All the cellular and extracellular components within a tumour, as well as tissues in its adjacent vicinity
What drives communications amongst the various cell types in the TME?
Network cytokines, chemokines, growth factors, inflammatory molecules and matrix remodeling enzymes
What can be targeted in the TME as a therapeutic strategy
common features of the TME shared by different tumours
Monitoring changes in TME composition could help to identify specific targets for therapy
What are the components of the TME?
Malignant cells, malignant cells in necrotic or hypoxic areas, Immune cells (NK and NKT cells, macrophage, T lymphocyte, B Lymphocyte, dendritic cells) lymphatics and vascular cells, fibroblasts and pericytes
What is angiogenesis?
process of formation of new blood vessels from pre-existing ones
How does a tumour increase its blood supply?
angiogenesis
What is lymphangiogenesis?
process of formation of new lymph vessels
What provides additional routes for metastatic spread of tumour cells?
Newly formed lymphatic vessels
Why do tumours undergo angiogenesis
they reach a size that cant be supported by current vasculature and thus needs more blood supply to continue its growth
How do tumours stimulate angiogenesis ?
Excrete proteins like Vascular Endothelial Growth Factor (VEGF) (7 types) + its receptors (3 types)

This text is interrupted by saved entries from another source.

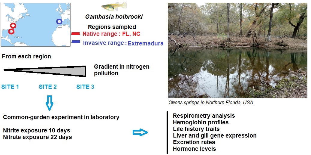 Three key questions related to evolutionary biology stand out in the study of biological invasions: i) Is the variable, environmentally-induced expression of life-history traits a key to invasion success? ii) How do genetics and biology of invasive species differ in their native vs. introduced areas? iii) Is environmental tolerance greater in invasive species and populations? In this project the invasive eastern mosquitofish (Gambusia holbrooki), whose invasion history is well known, is used as experimental model to characterize its tolerance to nitrogen pollution and identify mechanistic differences in its response between the native and invasive populations. Early warning molecular tools such as transcriptomics, but also whole organism responses like respiratory rates and life history traits are used to denote the health status of the experimentally exposed individuals to nitrogen pollution. This approach is then applied in three sympatric amphipod species in the Main river catchment. The overall objective is to understand the adaptive mechanisms that promote invasion success in a widespread invasive freshwater species.
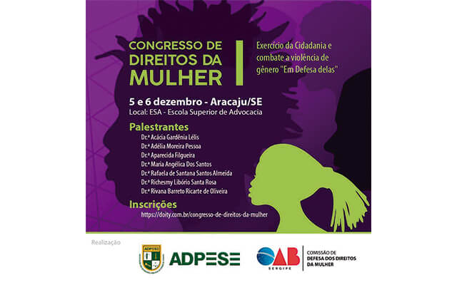 "Em Defesa Delas". Esse é o tema do  Congresso Direito da Mulher, que será promovido pela ADPESE e a OAB/SE, nos dias 5 e 6 de dezembro, na Esa - Escola Superior de Advocacia. Proposto pela Associação Nacional das Defensoras e Defensores Públicos, o tema será apresentado por diversos palestrantes.
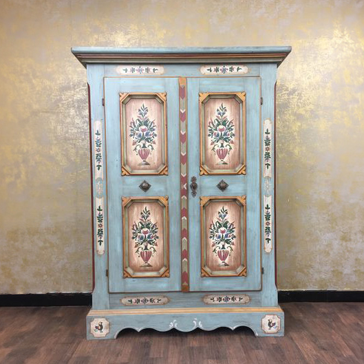 Ein Hauch vergangener Zeiten zieht mit diesem original Voglauer Kleiderschrank in Ihr Zuhause ein. Die klassische Formgebung der Serie „Anno 1700“ und die zartblaue Patinierung verströmen ländliche Gelassenheit, während die handgemalten Blumenmotive auf den Türfüllungen wie kleine Kunstwerke wirken.
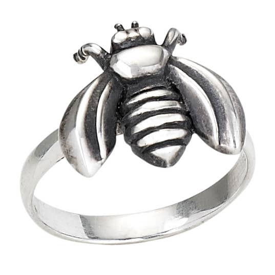 Oxidized sterling silver wrapping branch with bird perched. Band is approximately 1/16" and bird is approximately 1/4"
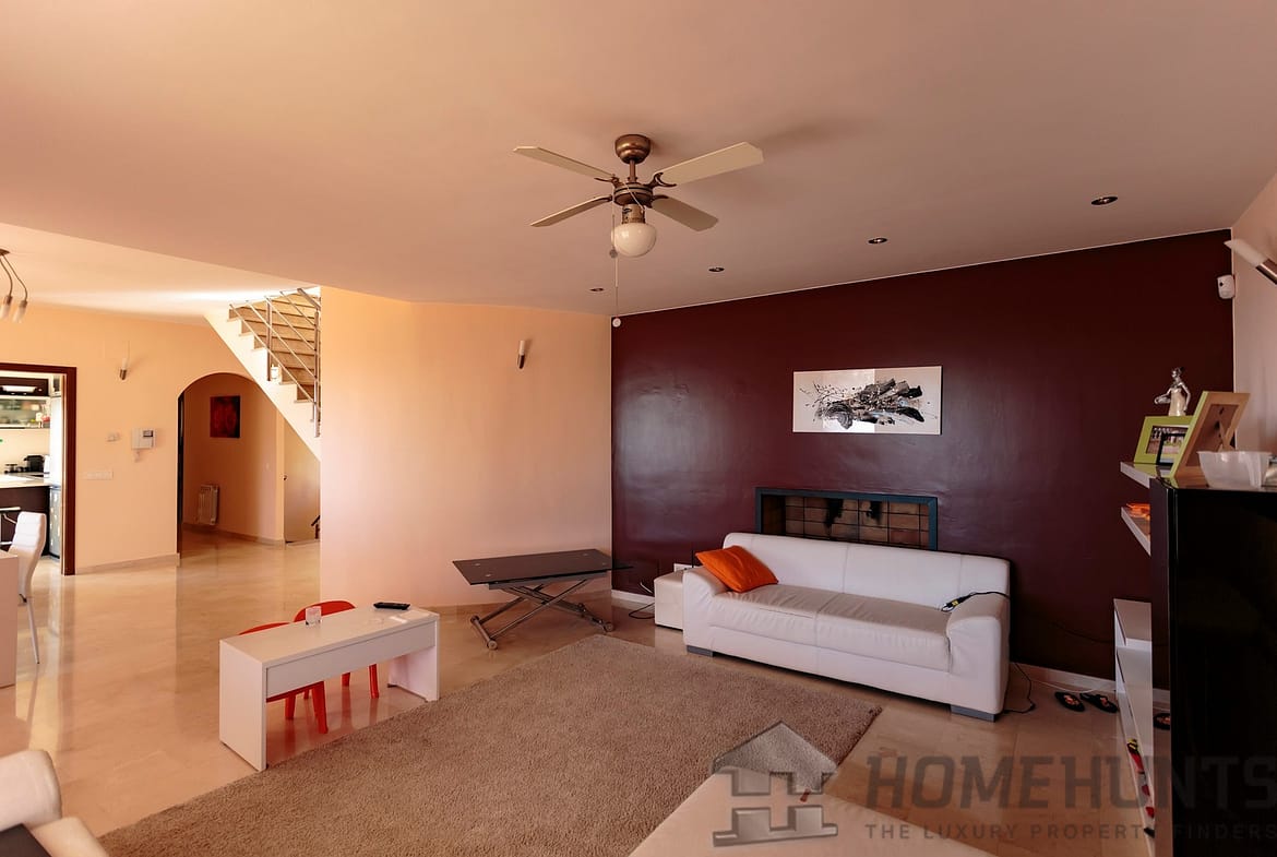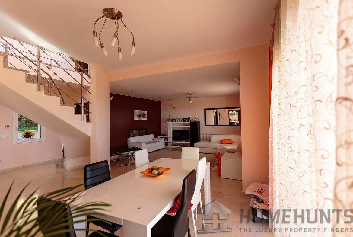 The house offers a comfortable distribution of living space by dividing the building into two wings with bedrooms on each side of the two upper floors. The double height living room and numerous windows provide natural lighting throughout the house.
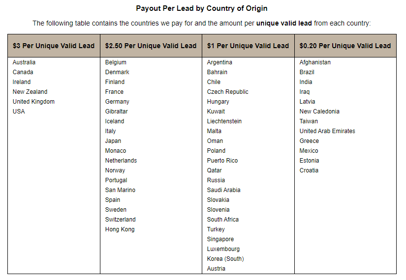 Si elige el programa Pago por cliente potencial, ganará hasta $ 3 por cada miembro que cree una cuenta gratuita. No importa si el usuario alguna vez gasta dinero en el sitio, se le pagará independientemente. Esto puede generarle más dinero a corto plazo, ya que los miembros no tienen que gastar dinero, pero a largo plazo probablemente gane más con el programa RevShare. La cantidad que gana por cada registro gratuito depende del país de origen de cada miembro. Solo 6 países pagan $ 3 por cada registro. Tenga esto en cuenta cuando compre tráfico. Podría ser inteligente comprar tráfico de países que pagan más por registro.
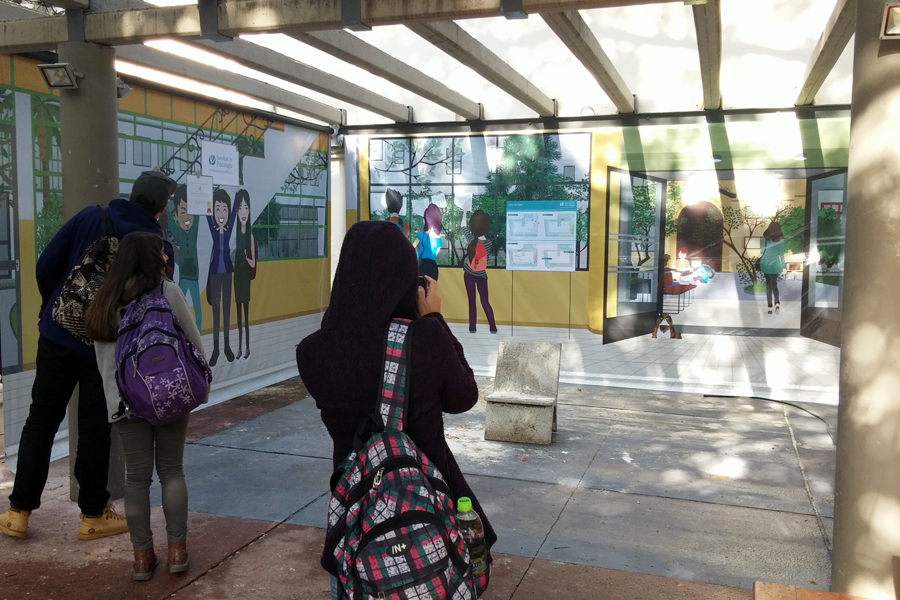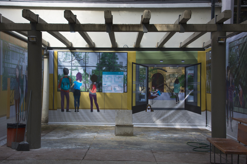 Esta semana se colocaron las lonas que terminan de definir el espacio para los festejos de finalización de la carrera. Se trata de tres cortinas enrollables con manivela, de 5 metros de largo, que ilustran ciertos pasajes de los/as estudiantes por las locaciones, situándolos en diferentes momentos de la carrera.
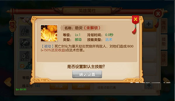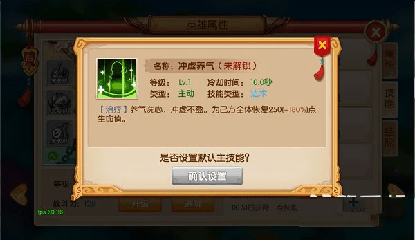 2、除被动技能外,每个英雄上阵时只能使用一个特定技能,只需将那个技能设置为默认主技能即可。
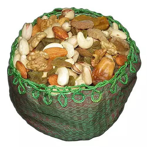 معمولاً از هفت میوهٔ خشک شامل: پسته، بادام، سنجد، کشمش، گردو، برگه هلو، انجیر و خرما که در مراسم آفرینگان ها، گاهنبارها، جشن خوانی، جشن نوزادی، در آیین سدره، کشتی بندی و دیگر جشن ها به میهمانان داده می شود.
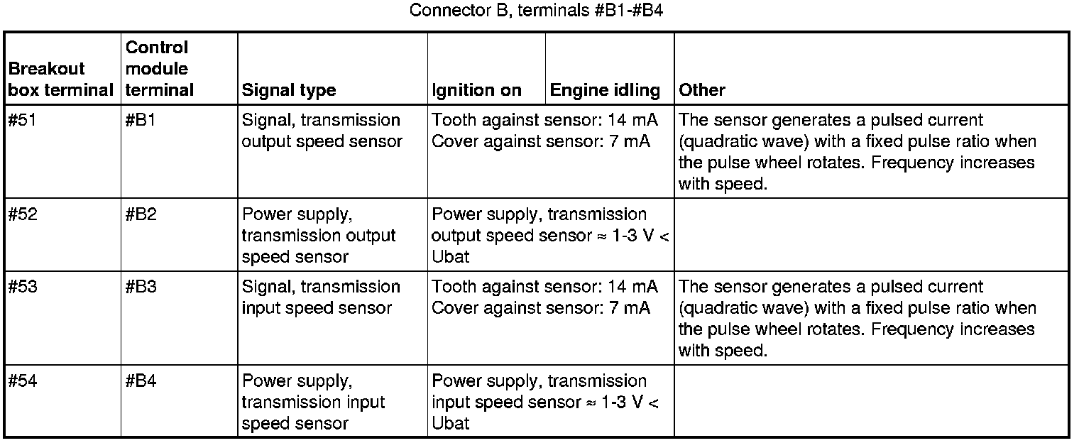 - Connector B (4-pin) corresponds to terminals #51 - #54 on the breakout box

Can cause proliferation through the activation of kinase
What is the benefit of having both angiogenic inducers and inhibitors?
Allows for more precision in controlling the growth of blood vessels
What physiological factors stimulate angiogenesis
Low nutrient levels
ischaemia
trigger release of angiogenic inducers
What are some angiogenic inducers?
Vascular Endothelial Growth Factor (VEGF)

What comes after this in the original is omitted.